音太と楽太、若しくは歌子
おんたとがくた、もしくはうたこ。
わたしが子を授かる時、わたしの種が花開くときに新しい生命に付ける名前です。
わたしはいつか占ってもらった導きによると、39歳で全てを迎えるそうです。
まだ見ぬ子を抱くその時を想うと、
胸がじんわり暖かくなります。
彼等の父となるだろう殿方は、顔がわたしとよく似ていました。兄弟と見間違われました。彼はそんなに背が高くなく、おそらく170センチメートルあるかないかで、身体つきはがっしりしていて、髭のドレッドに笑顔がよく似合う、優しくて明るい男性で、4回目にして初の逢瀬の時には、ますます惹かれるようになりました。
彼は旅人で、地球の彼方此方を旅しながら、彼の頂いた生命を目一杯楽しんで生きています。次の行き先はカナダです。私達は白馬で出会いました。

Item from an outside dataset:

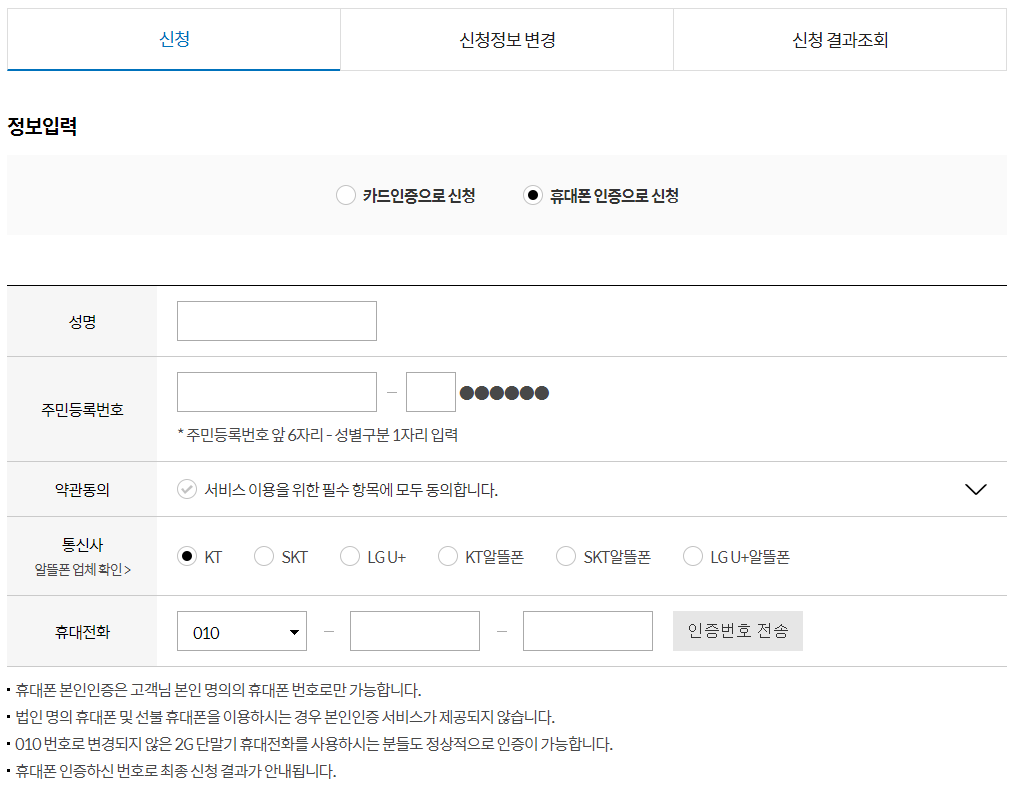 우리은행 재난지원금 신청을 하기에 앞서 "카드인증" 그리고 "휴대폰 인증"을 받아야 하는데 카드인증 같은 경우에는 우리은행 카드번호를 전부 기입해야하는 번거로움과, 카드를 가지고 있지 않는 경우가 있으니 저는 휴대폰 인증으로 대처 하였습니다. 휴대폰 인증도 아주 간단하게 1분정도면 처리가 가능하거든요

私達は、音楽が大好きです。大好きという言葉よりは、必要とか営みという言葉の方が相応しいかもしれません。水を飲むように、食事を頂くように、音楽が毎日の暮らしの中にあります。
どうか彼の世界が美しくて緑豊かでありますように。私達のところへ、よく似た顔の子供達がやってきますように。
兎も角も、巡り合わせに感謝いたします。